A Pigeon Sat on a Branch Reflecting on Existence
Il Leone d'Oro per il miglior film  attribuito a: A Pigeon Sat on a Branch Reflecting on Existence è un film surreale, assurdo, divertente ed esistenziale del regista svedese Roy Andersson  ed è Il terzo capitolo della “Living Trilogy” (Songs From The Second Floor nel 2000 e You The Living al concorso di Berlino quest’anno) E’ coerente con l’idea di narrazione per immagini, con 39 mini-scene e molte riprese fisse accuratamente messe insieme tanto da ricordare i quadri di Otto Dix e Georg Scholtz, due artisti tedeschi ispirati dalle proprie esperienze nella I Guerra Mondiale. Oltre al chiaro tentativo di condurre una riflessione esistenziale sullo stato degli esseri umani nello spazio, sottolineato dal titolo (illustrato letteralmente e figurativamente sul
grande schermo), il film è una commedia dall’inizio alla fine. Le scene sono sketch che potrebbero funzionare senza dubbio anche da sole, ma formano anche un vago senso di storia con dei personaggi che legano insieme le sequenze. Tra loro ci sono due cinquantenni che, con la maggiore serietà del mondo e una calma a prova di bomba, cercano di vendere curiosi oggetti d’intrattenimento a improbabili clienti che non cacciano fuori neanche un euro. Fermamente impegnati nella loro assurda volontà di vendita, simili a  Don Chisciotte e Sancho Panza, ci conducono attraverso le vite che si intrecciano di personaggi spesso molto vicini alla morte. Il tipico e cinico senso dell’umorismo scandinavo funziona bene soprattutto nella prima parte, quando lo spettatore beneficia dell’elemento sorpresa: un’anziana sul letto di morte rifiuta di lasciare una borsa con i gioielli che intende portare con sé nell’aldilà, una cassiera cerca di affibbiare a qualcuno un menù già pagato da un cliente a terra per un attacco di cuore, un insegnante di flamenco modifica la sua coreografia per toccare con nonchalance una delle sue allieve… La solennità dei personaggi fa esplodere l’assurdità delle situazioni, che ricordano talora il surrealismo dei Monty Python, come la sequenza nella quale un esercito del XVIII secolo entra a cavallo in un moderno pub di una zona industriale per soddisfare gli impulsi omosessuali del suo re. Il regista fa un uso impressionante di gag ripetute (come le variazioni della sequenza del telefono che diventa sempre più divertente man mano che compare nel corso del film) e rende la sua creazione differente rispetto alle precedenti lavorando sul ritmo,
che sembra un po’ meno una successione di immagini astratte.

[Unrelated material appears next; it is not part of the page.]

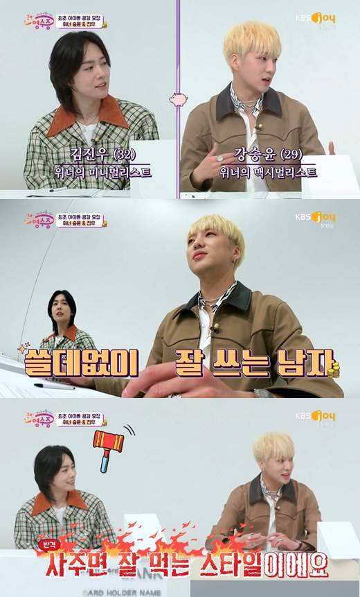 6일 오후 방송된 케이블채널 KBS Joy 예능 프로그램 '국민 영수증' 마지막회에서는 그룹 위너 멤버 강승윤, 김진우가 게스트로 출연했다.

La  composizione delle sequenze (o tableaux), particolare cura e attenzione è stata ancora una volta data all’insieme dei colori(beige, grigi, ocra e altre variazioni di bianco crema), musiche poetiche e coreografie dei movimenti delle persone, per quanto rigide. Molti personaggi sono tinti di bianco, ridotti virtualmente a cadaveri ambulanti. Ma chi meglio di un quasi morto può guardare alla sua vita
passata per riflettere su quanto resta di sé, considerare le ragioni per festeggiare entrambe le cose, e nonostante tutto essere vivo?
Riteniamo il film difficile da capire ( sembra che nessun compratore italiano l’abbia acquistato)  e che l’originalità non basta per far vendere biglietti al botteghino, quando la TV ti inonda da mattina e sera di tante pellicole del passato o filmetti trash inguardabili. Ma tutti sappiamo che l’arte è molto difficile da farsi capire. Quindi la 71esima edizione della Mostra Internazionale d'Arte Cinematografica si è conclusa  con il Leone d’oro a"A Pigeon Sat on a Branch Reflecting on Existence", firmato da Roy Andersson che, nel suo discorso di ringraziamento, ha voluto omaggiare il cinema italiano che continua a ispirarlo nel suo lavoro.

Il miglior regista, invece, è Andrey Konchalovskiy per la pellicola russa "Belye nochi pochtalona Alekseya Tryapitsyna (The Postman's White Nights)". Konchalovskiy si porta a casa il Leone d'Argento per la miglior regia del film che racconta la vita in uno sperduto villaggio russo, dove l'unico modo per raggiungere la terraferma è attraversare il lago in barca e il postino è il solo collegamento con il mondo esterno.

Soddisfazione italiana, anche se solo in parte, per le due Coppe Volpi con la vincita dei protagonisti di "Hungry hearts", Alba Rohrwacher e Adam Driver, che racconta il difficile rapporto di una donna con la maternità e il superamento di irrazionali paure nell'educazione e nella crescita del figlio.

Infine, tra i premi più importanti segnaliamo il Gran Premio della Giuria a "The Look of Silence" e quello Marcello Mastroianni consegnato al miglior attore emergente, il giovane Romain Paul di "Le dernier coup de marteau

Una cosa è certa il Festival del cinema di Venezia è il più antico, ma è anche quello che si getta nella ricerca del nuovo e di quello che sarà domani.